**Provided material:**

# # # # # # #

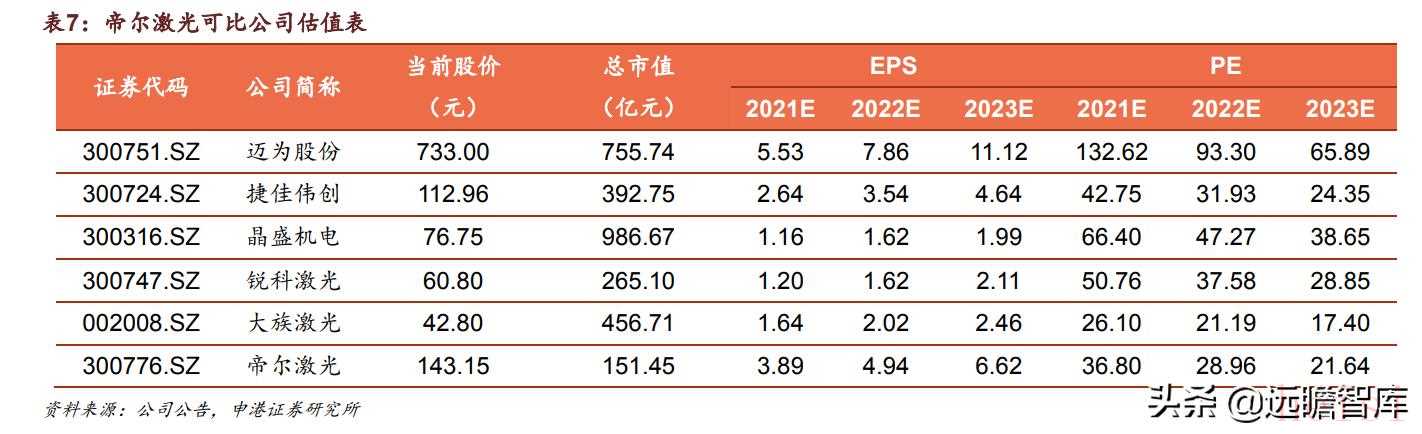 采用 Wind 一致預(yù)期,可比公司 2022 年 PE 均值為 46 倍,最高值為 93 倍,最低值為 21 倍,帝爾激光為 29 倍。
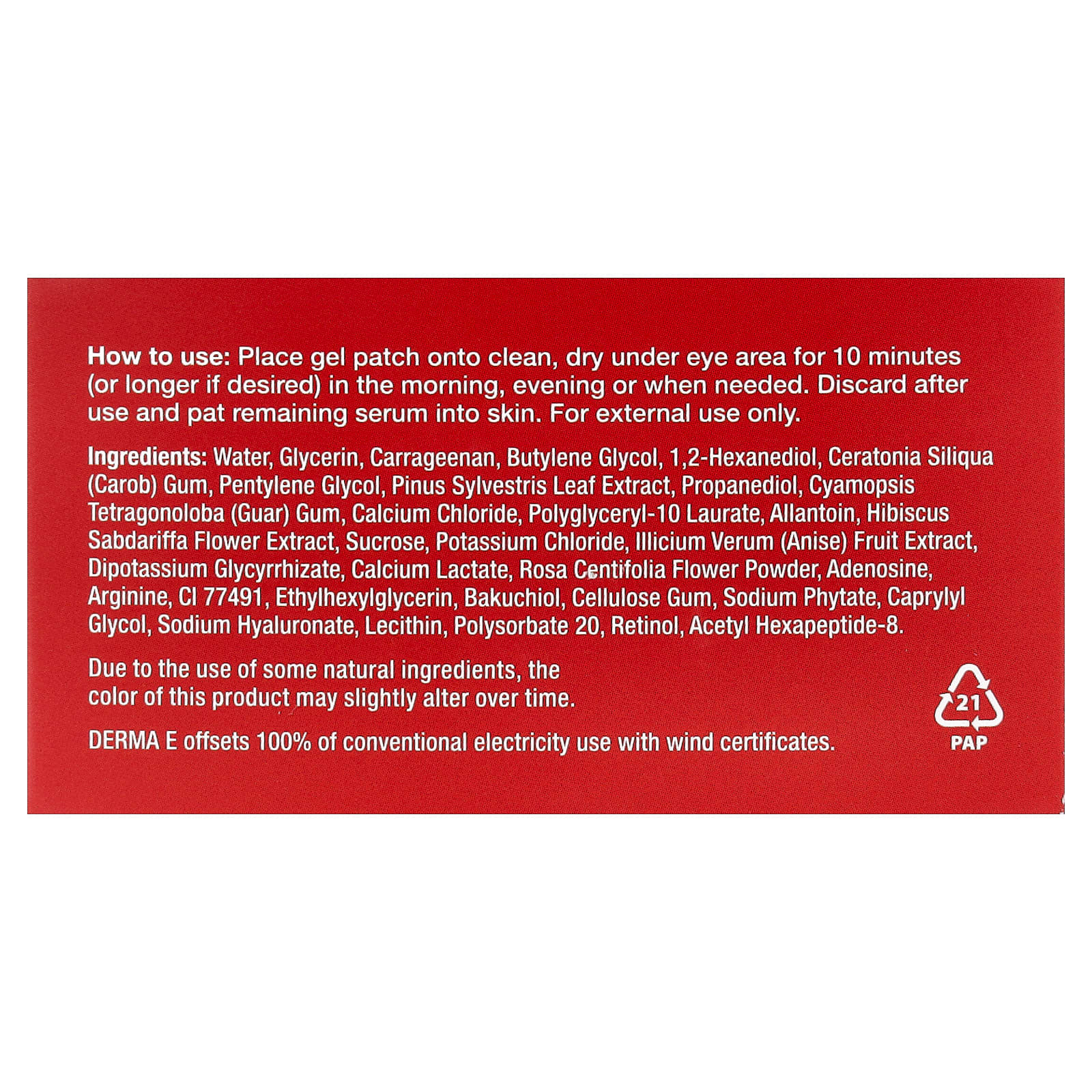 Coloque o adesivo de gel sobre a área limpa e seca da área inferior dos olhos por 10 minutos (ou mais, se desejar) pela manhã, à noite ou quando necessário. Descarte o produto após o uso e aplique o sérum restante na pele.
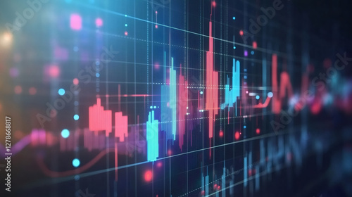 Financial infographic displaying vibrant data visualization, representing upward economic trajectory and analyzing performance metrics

# # # # # # #

The output is the data above, repeated exactly, with pictures omitted.

**Answer for this exercise:**
 采用 Wind 一致預(yù)期,可比公司 2022 年 PE 均值為 46 倍,最高值為 93 倍,最低值為 21 倍,帝爾激光為 29 倍。
 Coloque o adesivo de gel sobre a área limpa e seca da área inferior dos olhos por 10 minutos (ou mais, se desejar) pela manhã, à noite ou quando necessário. Descarte o produto após o uso e aplique o sérum restante na pele.
 Financial infographic displaying vibrant data visualization, representing upward economic trajectory and analyzing performance metrics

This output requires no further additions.